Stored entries

──────

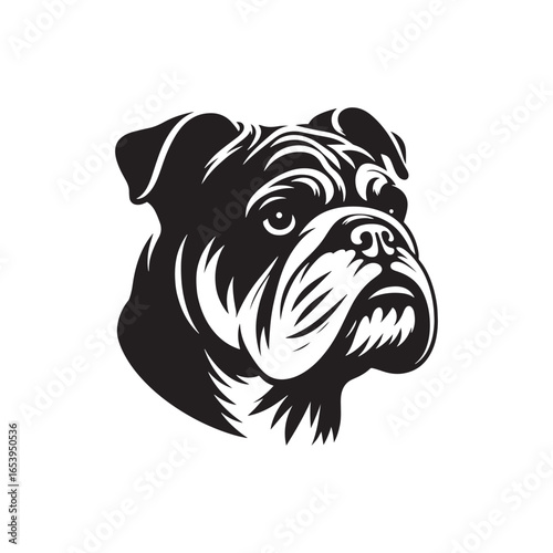 bulldog, dog, vector, silhouette, pet, canino, breed, sturdy, strong, outline, animal, graphic, design, illustration, art, black, white, domestic, mammal, ear, tail, loyal, companion, muscular, wrinkled, face, short, stocky, playful, friendly, intelligent, standing, sitting, walking, running, contour, shape, minimal, shadow, profile, template, icon, logotype, print, clip art, stencil, decorative, drawing, vignetting
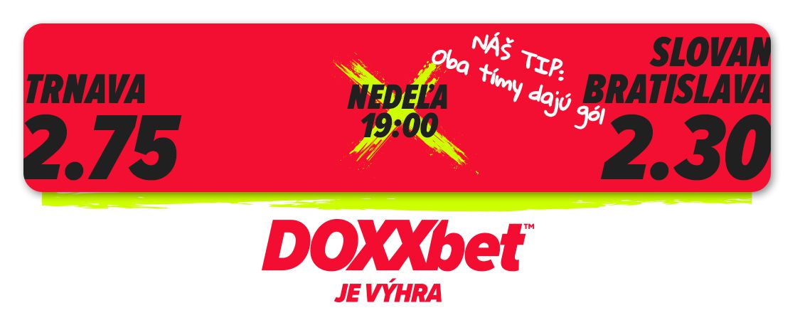 Trnava vs Slovan sľubuje všetko, čo od derby čakáš. Emócie, góly a atmosféru, ktorá ťa bude držať pri obrazovke od prvej minúty. Skúsení tipéri sa zhodujú: oba tímy skórujú. Slovan si odnesie aspoň bod, no Trnava to belasým určite neuľahčí. Využi bonusy od DOXXbetu, tipni si s nami a buď pri tom naplno. Táto jazda stojí za to.
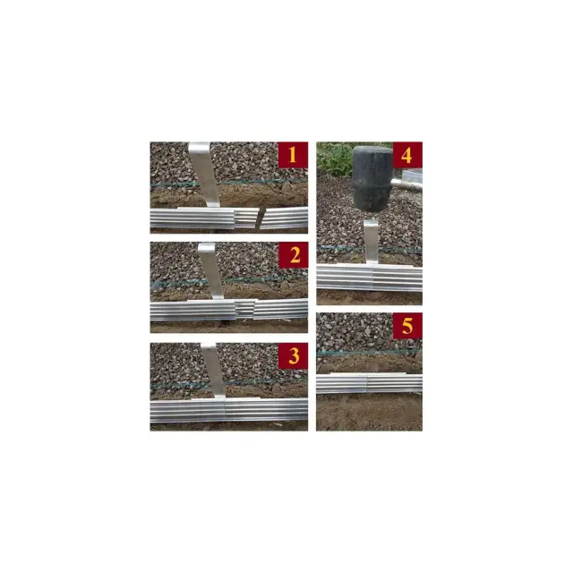 Robovi travnate površine iz kovine se enostavno polagajo brez betonskega temelja. Vendar v ohlapnih ali kamnitih tleh pogosto potrebujejo dodatno pritrditev, da preprečite zdrs. Naša tlačna sidra rešujejo to težavo z zanesljivo fiksacijo v tla.
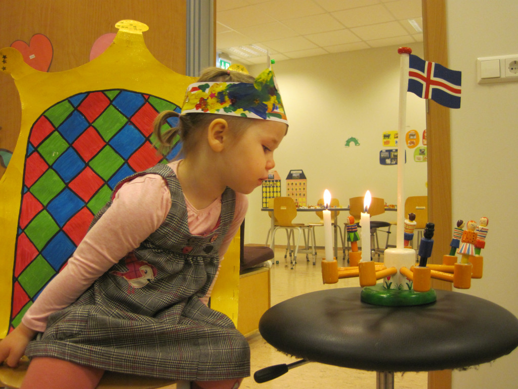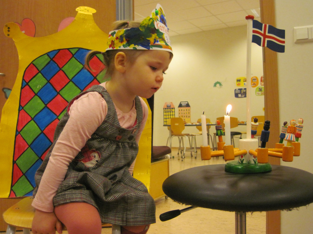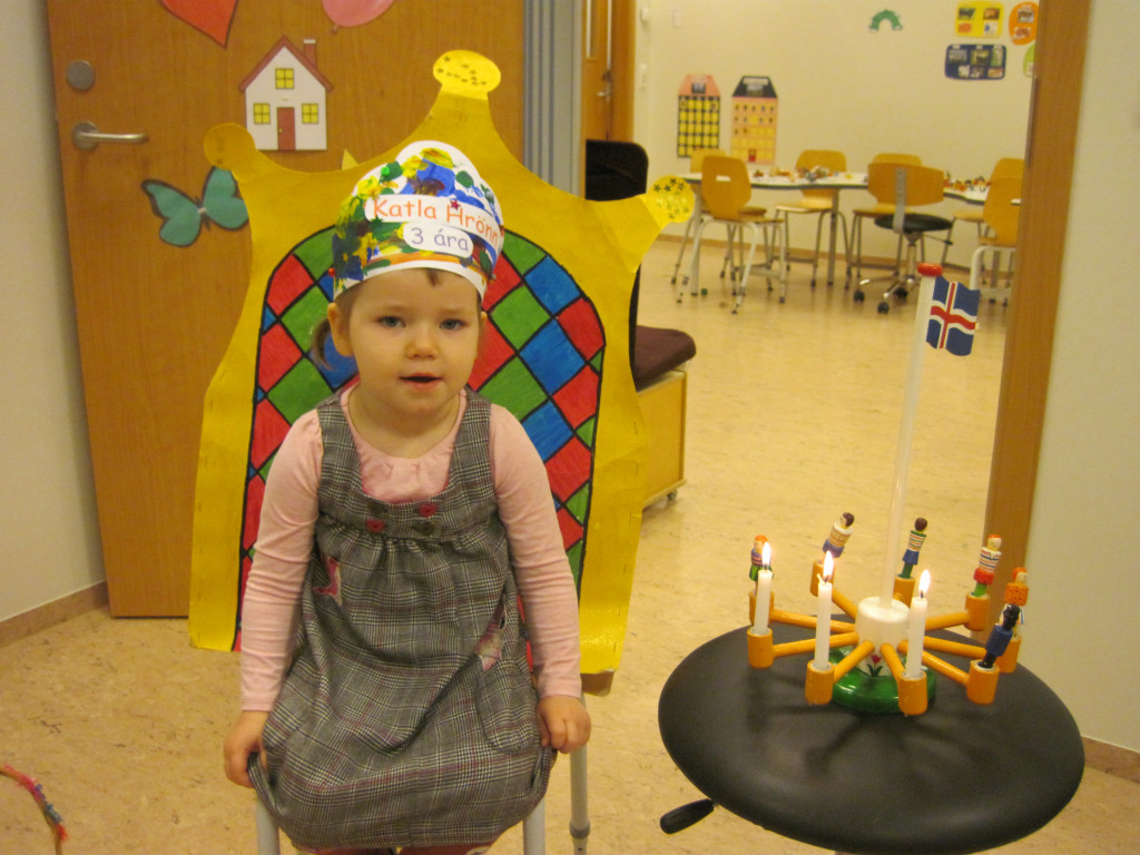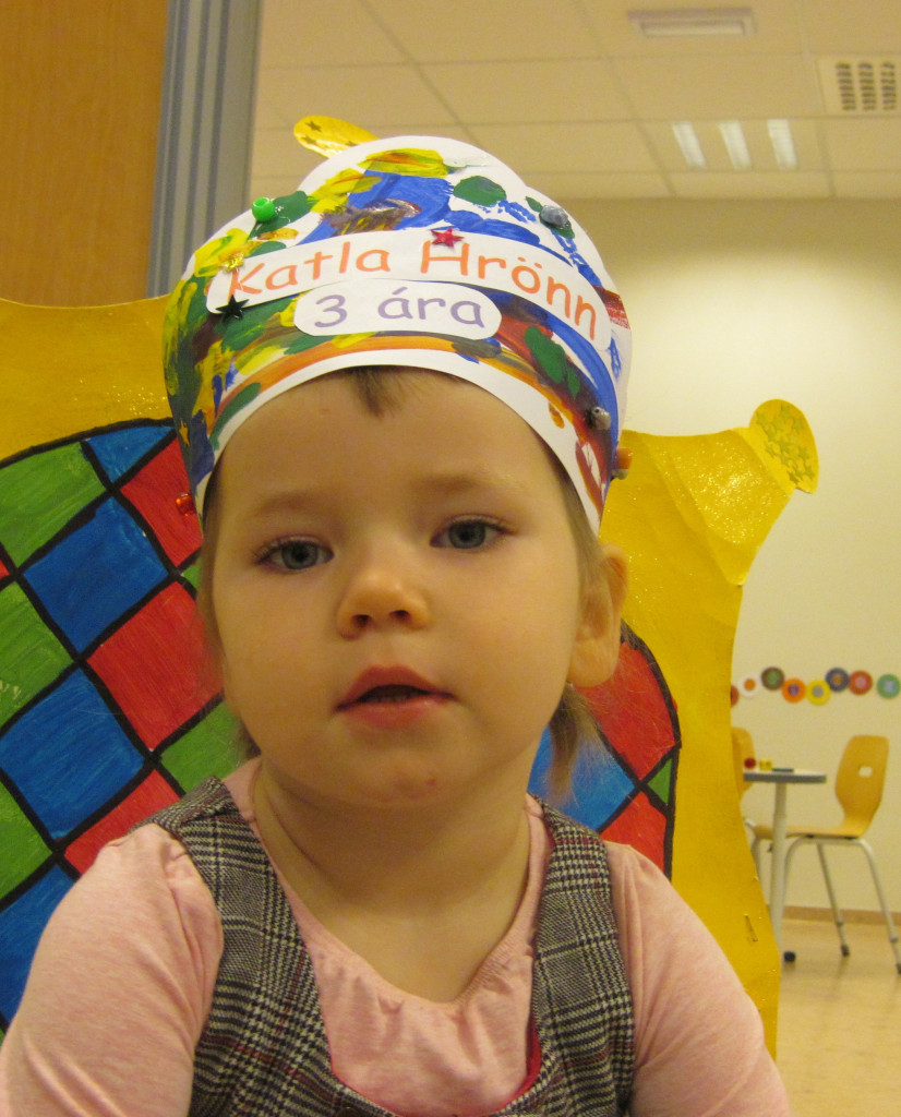 Í dag héldum við upp á 3 ára afmælið hennar Kötlu Hrannar. Katla Hrönn málaði á flottu kórónuna sína og flaggði íslenska fánanum í tilefni dagsins. Í ávaxtastundinni sungum við fyrir hana afmælissönginn, hún hefur stækkað í nótt og þetta er afmæliskveðja. Eftir sönginn fengu sér allir ávexti úr ávaxtakörfunni.
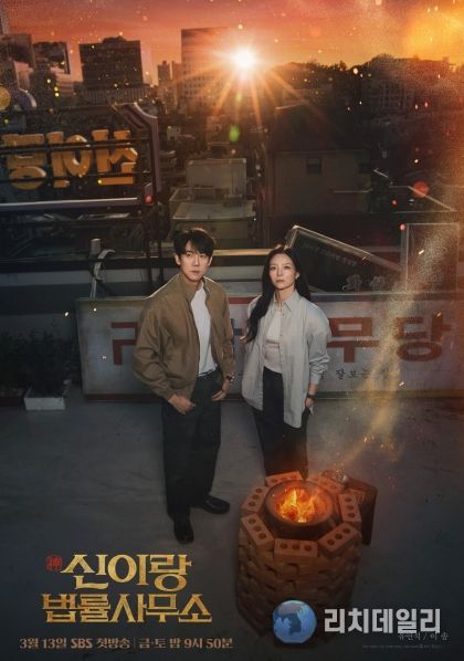 스페셜 포스터는 그간 법률사무소 내부에 집중됐던 시선을 건물 ‘옥상’으로 확장시킨다. 서울 한가운데 빌딩 숲 사이로 노을이 붉게 물든 시간, 무당집이었던 신이랑 법률사무소가 위치한 건물의 옥상에서 신이랑(유연석)과 한나현(이솜)이 하늘을 올려다보고 있다. 여기서 이목을 끄는 건 두 변호사 앞에 놓인 화로다. 벽돌로 둘러싸인 화로 안에는 불길이 피어오르고, 그 아래에는 부적이 놓여 있다. 이는 신이랑이 망자의 恨(한)을 통쾌하게 풀어준 뒤, 그 영혼을 정성껏 떠나보내는 마지막 의식이 치러지는 공간임을 의미한다.
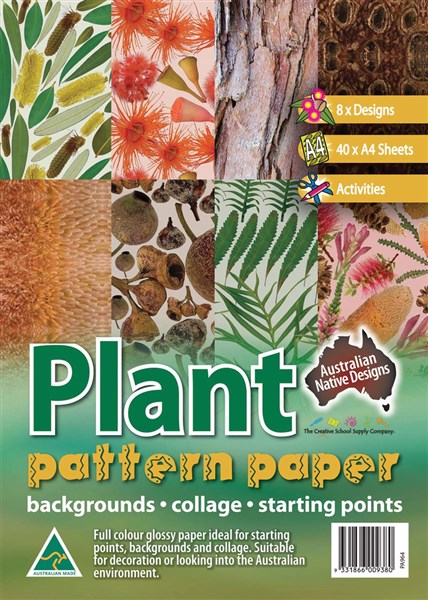 A4 Australian native plant pattern, full colour, glossy paper. 8 assorted prints. Great for collage, backgrounds and paper construction. Suitable for decoration and looking into the Australian environment.

──────

ACTIVITY:
Every line above is to be given again exactly, apart from the pictures.

WRITTEN SOLUTION:
 bulldog, dog, vector, silhouette, pet, canino, breed, sturdy, strong, outline, animal, graphic, design, illustration, art, black, white, domestic, mammal, ear, tail, loyal, companion, muscular, wrinkled, face, short, stocky, playful, friendly, intelligent, standing, sitting, walking, running, contour, shape, minimal, shadow, profile, template, icon, logotype, print, clip art, stencil, decorative, drawing, vignetting
 Trnava vs Slovan sľubuje všetko, čo od derby čakáš. Emócie, góly a atmosféru, ktorá ťa bude držať pri obrazovke od prvej minúty. Skúsení tipéri sa zhodujú: oba tímy skórujú. Slovan si odnesie aspoň bod, no Trnava to belasým určite neuľahčí. Využi bonusy od DOXXbetu, tipni si s nami a buď pri tom naplno. Táto jazda stojí za to.
 Robovi travnate površine iz kovine se enostavno polagajo brez betonskega temelja. Vendar v ohlapnih ali kamnitih tleh pogosto potrebujejo dodatno pritrditev, da preprečite zdrs. Naša tlačna sidra rešujejo to težavo z zanesljivo fiksacijo v tla.
 Í dag héldum við upp á 3 ára afmælið hennar Kötlu Hrannar. Katla Hrönn málaði á flottu kórónuna sína og flaggði íslenska fánanum í tilefni dagsins. Í ávaxtastundinni sungum við fyrir hana afmælissönginn, hún hefur stækkað í nótt og þetta er afmæliskveðja. Eftir sönginn fengu sér allir ávexti úr ávaxtakörfunni.
 스페셜 포스터는 그간 법률사무소 내부에 집중됐던 시선을 건물 ‘옥상’으로 확장시킨다. 서울 한가운데 빌딩 숲 사이로 노을이 붉게 물든 시간, 무당집이었던 신이랑 법률사무소가 위치한 건물의 옥상에서 신이랑(유연석)과 한나현(이솜)이 하늘을 올려다보고 있다. 여기서 이목을 끄는 건 두 변호사 앞에 놓인 화로다. 벽돌로 둘러싸인 화로 안에는 불길이 피어오르고, 그 아래에는 부적이 놓여 있다. 이는 신이랑이 망자의 恨(한)을 통쾌하게 풀어준 뒤, 그 영혼을 정성껏 떠나보내는 마지막 의식이 치러지는 공간임을 의미한다.
 A4 Australian native plant pattern, full colour, glossy paper. 8 assorted prints. Great for collage, backgrounds and paper construction. Suitable for decoration and looking into the Australian environment.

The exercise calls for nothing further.